Gambling and religion are traditionally considered as something opposite, something you won’t dare to mention in one sentence. However, even though never associated with each other and definitely on the other sides of the moral fence, religion and gambling have a lot more in common than you might think.
The strained relationship between gambling and religion will become a little bit clearer when we reveal some remarkable scientific facts and find out which religions – if there are any – endorse gambling and which prohibit it altogether. So, without further ado, let’s dig into it!
The most vivid example of how we really perceive religion and gambling – and if there are any differences in that perception – is given in the recent study by Jeffrey S Anderson and his fellow scientists. The research called ‘Reward, salience, and attentional networks are activated by religious experience in devout Mormons’ had to do with functional magnetic resonance imaging (fMRI) scans on 19 Mormons reading prayers and doing other routine religious stuff. Surprisingly enough, the scans showed that the religious rituals trigger the same brain activity as is triggered by music, love, gambling, and anything else connected with pleasure and reward.
But what could that mean? Well, at least one thing is crystal clear: whether you like it or not, from the scientific point of view, people get pleasure from religion, a kind of reward that many of them most certainly lack in everyday lives. Yeah, absolutely the same kind of pleasure you treat yourself with when winning big at one of the gambling sites for Calgary players or wherever you are playing. Of course, you can claim that the pleasure and reward bestowed to us by religion have no evil roots and can only be compared to the pleasure extracted from love, but come on, let’s keep it real: our brain doesn’t care for the source of what it needs – it just needs it.

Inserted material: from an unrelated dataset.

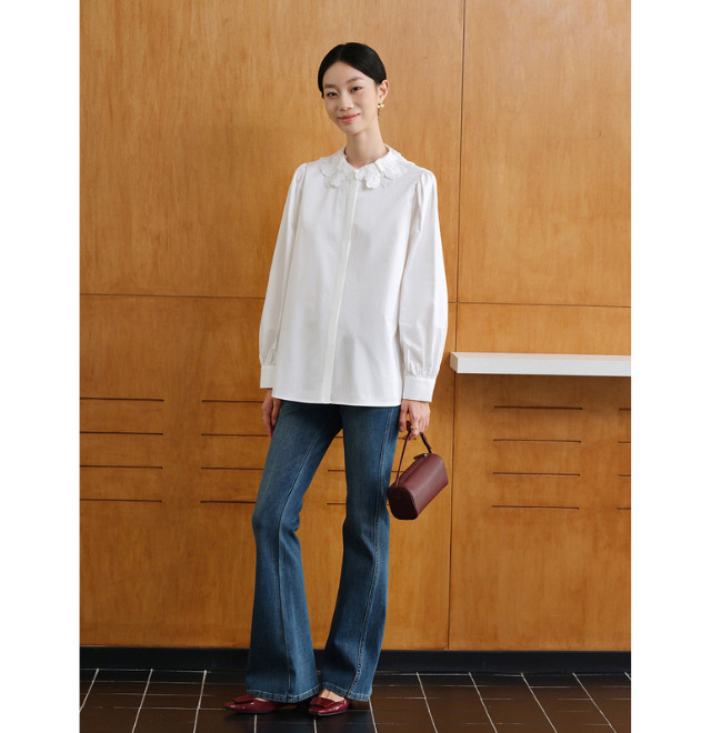 デニムの中でもフレアシルエットを選んで、トレンド感のあるカジュアルに。レースカラーが程よい女性らしさをプラスし、休日のお出かけコーデを格上げします。

The tension between different religions and gambling is known even to atheists – and it’s true that most religions condemn games of chance and urge the righteous proponents to stay away from gambling – but it’s also true that some religious branches are less severe and even allow gambling ‘as is’ or for charity purposes. Here’s what religions think of gambling, from the least to the most tolerable:
What a Priests Says
You don’t expect to see a priest in the casino, but only until you visit Melbourne’s Crown Casino and meet Friar James Grant, a full-time clergyman offering counseling services right in the premises. As he puts it himself, ‘There’s nothing in the bible that says it’s wrong to gamble. What’s bad, and this goes for booze and drugs and driving your car 200 miles an hour down the road, is a lack of moderation. I would consider that in moderation, gambling could be considered a normal human activity.’
At the end of the day, religious people are still people with their passions and flaws – which are sometimes hard to believe – and while there’s no single opinion on whether religious people are allowed to gamble, it is really up to your view of this subtle, ambiguous subject.